Горожане очень любили свободу и пуще всего почитали тех, кто соглашался ею пожертвовать ради народного счастья или долга перед городом. Поэтому свободных людей в Хольме было меньше, чем народных слуг и должников.

Девять лет назад Хольм пошел под руку государя Неба и Земли, и теперь им правили наместники. Правда, в городе об этом говорили иначе: призвали государя на княжение и прислушивались к его наместнику. За столь короткий срок в Хольме наместников сменили уже дважды. Первый был натурой изящной, говорил о поэзии и красоте и взятки брал драгоценными камнями и картинами в золотых рамах. Когда его отозвали в столицу для суда, горожане почувствовали утрату, будто покинули их город красота и много денег. Второй наместник был натурой естественной, говорил о еде, женщинах и власти, а взятки брал породистыми конями и золотом в брусках. Когда его судили за измену государю, горожане почувствовали слабость, будто покинула их город жизненная сила и обозы с товаром. Третий наместник был натурой таинственной, все больше молчал да слушал других, взятки брал народной любовью и разными интересными бумагами. Звали его господин Шишун. Также он был наместником всей Сачкочуани.

***

Бейхун подъехал к городской заставе в полдень ранней весной. Двое его спутников следовали за ним, и солнце играло на золотом шитье чепрака, вода отражалась в блестящих аксельбантах, и весело хлопала по ноге сабля. Миновав за сущую мелочь стражу у ворот, они направились прямиком в управу, внимательно глядя по сторонам и вслушиваясь в чужие разговоры.
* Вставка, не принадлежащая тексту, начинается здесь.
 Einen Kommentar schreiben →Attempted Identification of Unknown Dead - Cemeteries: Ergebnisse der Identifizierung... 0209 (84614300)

О городская управа, средоточие власти и символ справедливости! Она горою вознесена над городом, как государь вознесен над народом. Стены ее толсты, как тома законов, и крепки, как казенная водка. Она покрыта сотней мозаик, и в тех мозаиках отражается, как в небе, вся жизнь. Вот бог дает кузнецу молот, чтобы тот ковал мечи для Родины, а вот счастливая мать протягивает справедливому чиновнику своего сына в обмен на свиток с социальными гарантиями. Вот строитель трех миров держит в руках небесную сферу, а вокруг нее вращаются планеты и звезды. Поистине, удивительны эти картины! В управе четыре этажа, по числу времен года, каждый этаж раскрашен соответствующим цветом, и в том символ порядка. Окон в управе триста шестдесят пять по числу дней в году, а раз в четыре года возмущенный народ бьет все стекла, вышибает дверь и сбрасывает с четвертого – зимнего – этажа какого-нибудь писаря – значит, наступил високосный год.
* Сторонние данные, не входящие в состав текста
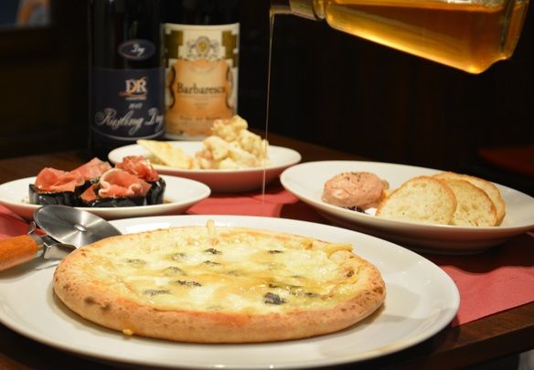 4種チーズ(ゴルゴンゾーラ、パルミジャーノ、モッツァレラ、シュレッド)を使ったピッツァ。蜂蜜を掛けてお召し上がりください。
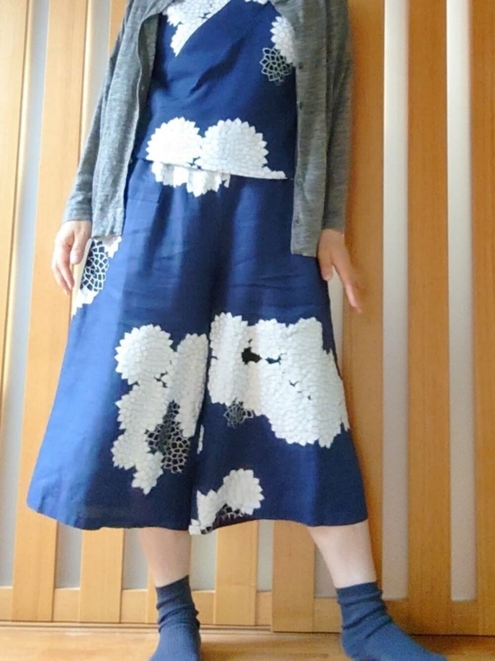 抜衿ジバンは高島縮、 広形もんぺは麻 素材ちがうけどセットアップで着てみました どちらも厳しい残暑に快適✨ 菊づくし、もいいけど 雲間に菊、も好きです♪ 靴下はリネンと同じくらい快適なささ和紙 夫婦とも愛用、 穴があくまではいて あいたら靴の中に丸めて入れる! 消臭効果ありだそうです♪

Бейхун ехал по узким, кривым улочкам, сдерживая скакуна от рыси, пробираясь между кучами отбросов и снующими людьми. Воняло немилосердно, куриным пометом и чем-то еще кисло-прелым, на глаза все попадались люди с дублеными руками и задубевшими лицами – путь пролегал через кожевенную слободу. Не доехав до управы, он свернул в кабак, над которым висела надпись: «Сдесь пъют пекари», – и сел в уголке, и друзья его устроились рядом.
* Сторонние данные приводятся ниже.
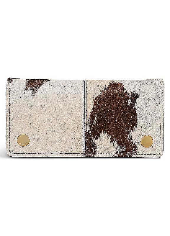One way to make a purse even more practical is to make it a clutch bag too. That's exactly what our Designers did when they created the Chester Row purse - a slim, flapover shape in soft grain leather with a detachable wristlet chain strap and pocketed interiors. It combines style and functionality at your fingertips.Why we love it: Our Designers have selected genuine cowhide leather to craft this purse, using the cutting loss from this season's matching handbags to reduce waste. As it is a natural material, no two cuts of cowhide are the same, meaning there will be some variation in the patterning across each purse.Genuine cowhide leatherDetachable wristlet chain strap with T-bar fasteningFlap with leather-covered press studs and central seamGrain leather interiorEight card slotsZipped pocket with leather pullerInterior slip pocketsHeritage markFoil logoComes with a dust bagLeatherDimensions approx. 9.5H x 17.5W x 1.5D cm
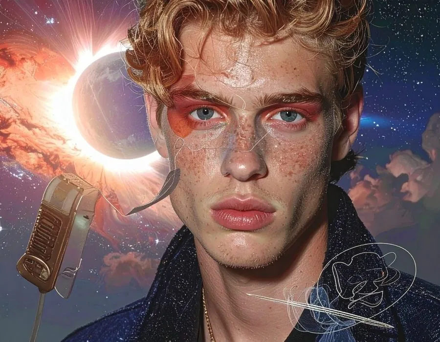 Created at 2am. Solar eclipse, vintage microphone, red eyeshadow, needle wire scribbles, and what may be a signature or a hex. No brief existed. No tote bag appears. The designer does not remember writing this prompt. She believes it is her best work.

Ел Бейхун немного, а больше слушал разговоры. И понял он вот что: уже десять лет в Хольме царил мир, а мир от смуты, надо сказать, отличается тем, что в смутное время режут врагов и приобретают друзей, а в мирное – душат друзей и наживают врагов. А что люди били окна в управе – так то не смута, то народные гуляния. И оттого воздух в городе пропах не только дубильными составами, а и подозрительностью.

Но пока сидел Бейхун за столом и слушал разговоры, приметил его один завсегдатай кабака, а ума у него, надо сказать, в голове было меньше, чем хмеля. Он взял в руки глиняную кружку, подошел к Бейхуну и сказал:

– Здесь пьют пекари.

А кружка была большая и твердая.

– У вас надпись с ошибкой, – ответил Бейхун, – поэтому силы в ней нету.

– Ах ты еще и читать умеешь! – рассердился пекарь и заехал Бейхуну в челюсть. То есть он думал, что попадет в челюсть, а попал в беду, ударившись головой о стол и потеряв на блаженный час свое убогое сознание.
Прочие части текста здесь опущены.